Une coalition fondée sur des engagements institutionnels est plus forte qu'une coalition fondée sur l'alignement émotionnel. Cela transforme la prudence en effet de levier plutôt qu'en paralysie.

Le pluralisme n'est pas un luxe en période de transition. C'est la seule issue durable.

Conclusion : L'architecture avant l'allégeance

L'Iran ne peut pas se payer le luxe d'un débat abstrait.

Les

difficultés économiques sont réelles. L'épuisement social est réel. L'instabilité est réelle. Dans de tels moments, la clarté devient un devoir civique.

La démocratie, ce n'est pas simplement voter. La démocratie libérale est un régime majoritaire limité par des garanties durables : des droits qui ne peuvent pas être révoqués par un enthousiasme temporaire, des institutions qui ne cèdent pas à l'ambition, un pluralisme qui protège les opposants autant que les

partisans.

Sans contraintes libérales, la démocratie devient procédurale. Avec eux, ça devient stable.

Le débat autour de Reza Pahlavi, et de tout leader potentiel, devrait donc changer. Le soutien ou l'opposition ne devraient pas dépendre uniquement du symbolisme ou des promesses électorales, mais de la structure.

Ajustez le support selon une norme simple : non pas si un leader peut gagner, mais s'il s'engage à être liée.

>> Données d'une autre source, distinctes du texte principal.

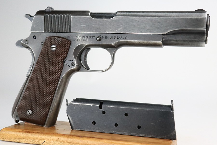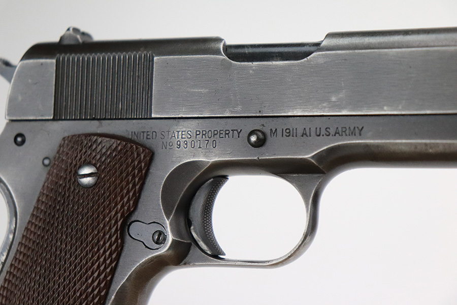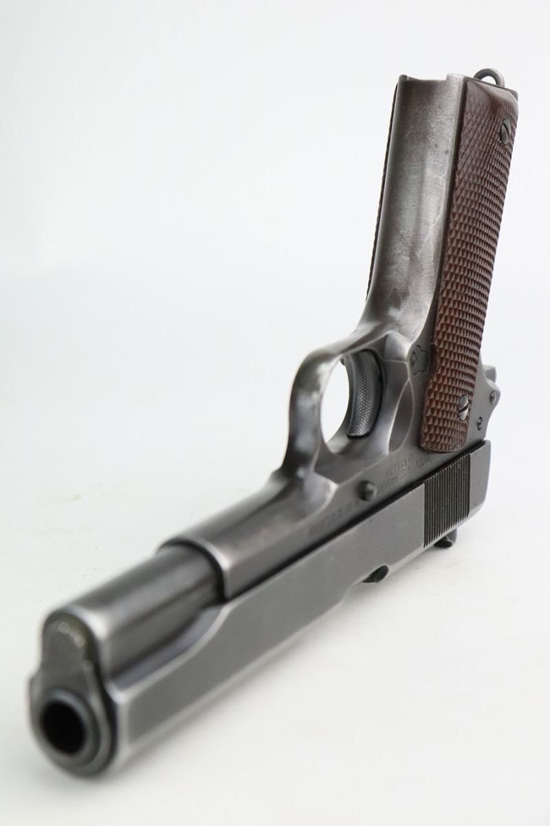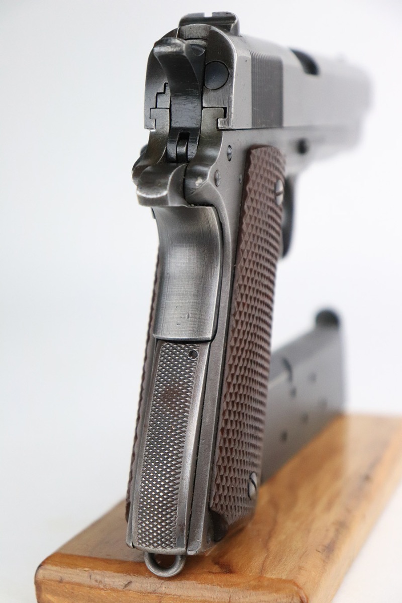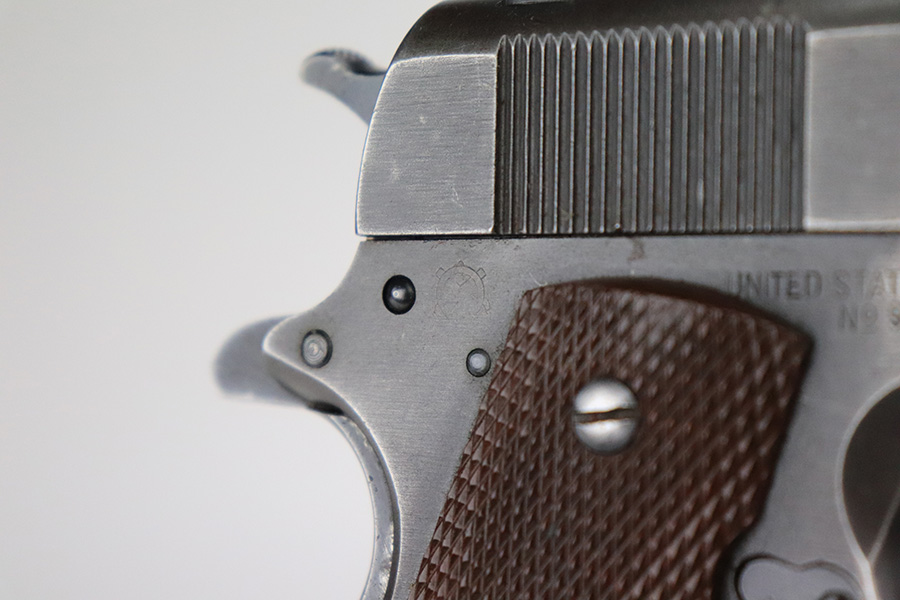 7/26/22 – This is a fairly scarce and desirable second variation Remington 1911A1 from late ’42 or early ’43. It has the proper slide variation where the legend extends past the slide stop, and it has a correct HS barrel. The parkerized finish is original with some thinning in a few areas, and was somewhat difficult to provide a percentage rating on. The grips show some smoothing, especially the left panel, but no cracks. ‘S’ marked magazine. Excellent bore that was seemingly well cared for.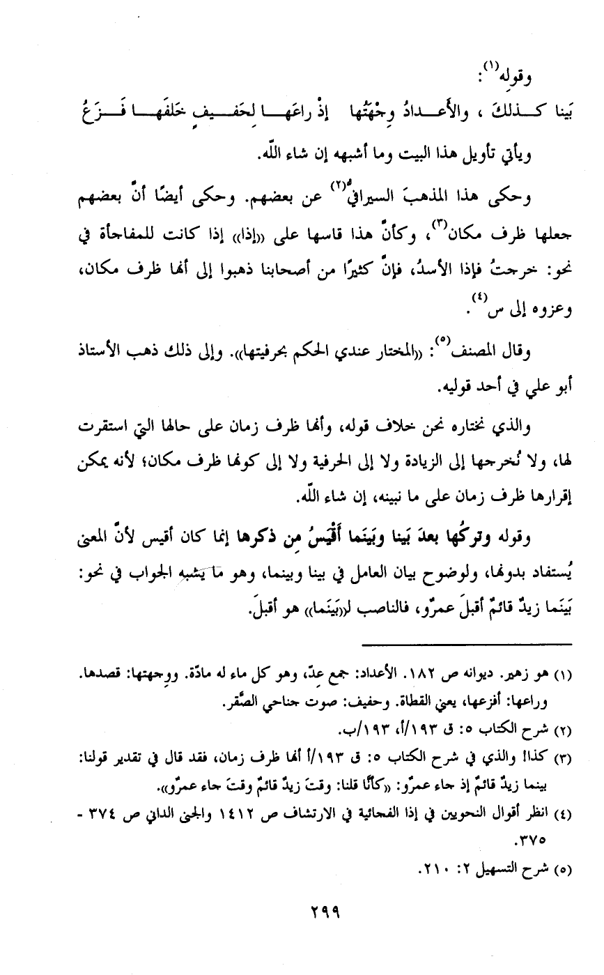 وحكى هذا المذهب السيرافي عن بعضهم. وحكى أيضاً أن بعضهم جعلها ظرف مكان، وكأن هذا قاسها على «إذا» إذا كانت للمفاجأة في نحو: خرجت فإذا الأسد، فإن كثيراً من أصحابنا ذهبوا إلى أنها ظرف مكان, وعزوه إلى س.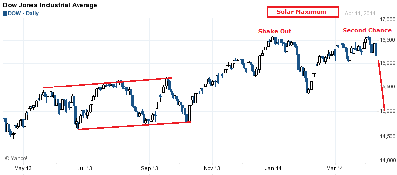 Recall that periods of heavy falls in the stock market have typically occurred in the inverted geomagnetic seasonal lows of March/April and October. This is April.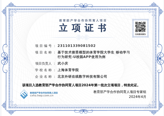 依托数智化资源和教学研平台,大学英语团队积极推动校企产学研合作。目前在进行的4项教育部产学合作协同育人项目《大学英语“学-训-评-研”一体化测试题库建设》、《基于itest平台的体育院校大学英语自主学习的实证研究》、《基于在线测评系统的体育英语竞训基地建设与应用》、《基于技术接受模型的体育学院大学生移动学习行为研究—U校园APP使用为例》,多措并举、全方位、多维度探讨数智技术作为新质生产力,如何赋能大学英语教学提质增效,勇创佳绩。

  • Liée par une charte des droits claire.
  • Limitée par les limites du pouvoir exécutif.
  • Limitée par un espace d'opposition garanti.
  • Liée par un mandat défini et limité dans le temps.

Rien de moins laisse trop de place à la confiance.

La prudence est compréhensible. Mais la prudence qui empêche de coopérer jusqu'à ce que la perfection soit atteinte risque d'empêcher les garanties recherchées.

Exigez la clarté constitutionnelle avant de faire allégeance.

Demandez non seulement ce qu'un leader promet de faire, mais aussi ce qui l'empêchera de le faire une fois qu'il aura réussi à le faire.

Parce que dans les périodes de transition, l'allégeance aux personnalités est éphémère. L'architecture perdure.

Et en fin de compte, c'est l'architecture, et non l'architecte, qui déterminera si le prochain chapitre de l'Iran marque une nouvelle rupture ou le début d'une république durable.